Data segment >>
BEGIN
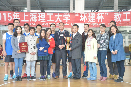 环境学院篮球队全体成员与校体育部部长及学院领导合影(2015年)
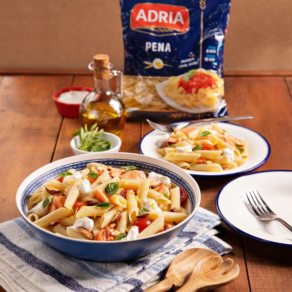Se você procura uma receita prática, nutritiva e ao mesmo tempo elegante, essa salada é a escolha certa. A massa al dente se une às lascas de salmão assado, criando uma base deliciosa. O vinagrete de limão siciliano traz um toque cítrico, enquanto os tomates cereja adicionam cor e frescor. Para completar, a crocância das amêndoas torradas e a cremosidade da coalhada seca transformam o prato em uma verdadeira experiência gastronômica.
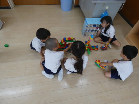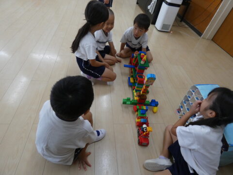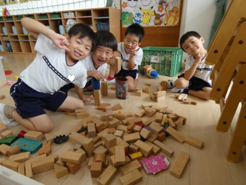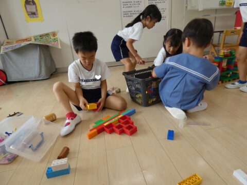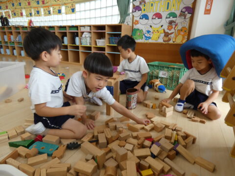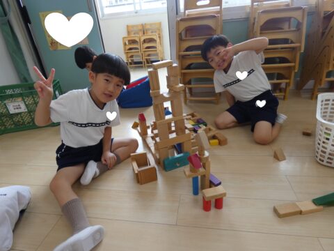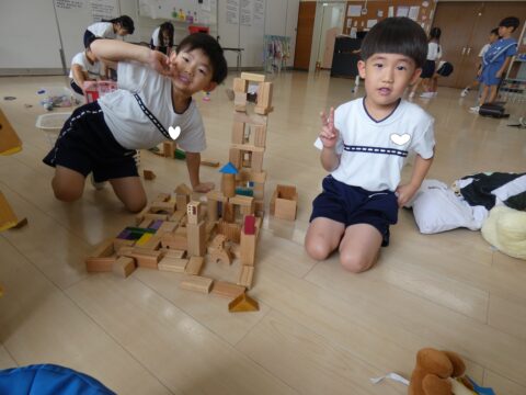 積み木で遊ぶ男の子達👦
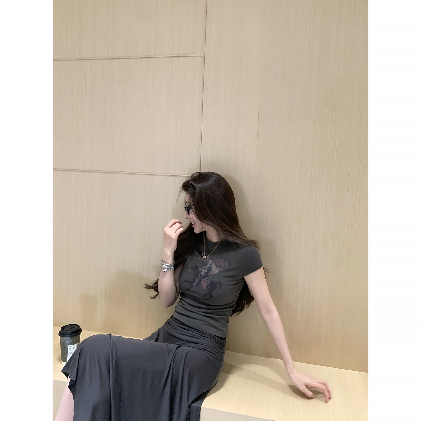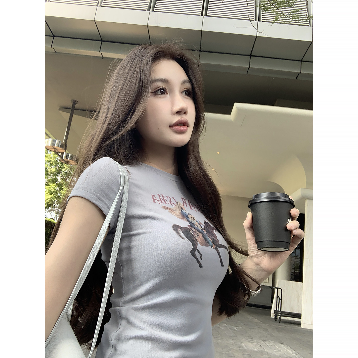 愉悦喻悦 圆领印花正肩短袖 NEW 修身 T恤女夏季 上衣 3.26
END
Exercise >> Only the lines from the one containing "Se você procura" through the last line of the data may appear in the answer, each given again exactly and with pictures left out.

Exercise answer >>
Se você procura uma receita prática, nutritiva e ao mesmo tempo elegante, essa salada é a escolha certa. A massa al dente se une às lascas de salmão assado, criando uma base deliciosa. O vinagrete de limão siciliano traz um toque cítrico, enquanto os tomates cereja adicionam cor e frescor. Para completar, a crocância das amêndoas torradas e a cremosidade da coalhada seca transformam o prato em uma verdadeira experiência gastronômica.
 積み木で遊ぶ男の子達👦
 愉悦喻悦 圆领印花正肩短袖 NEW 修身 T恤女夏季 上衣 3.26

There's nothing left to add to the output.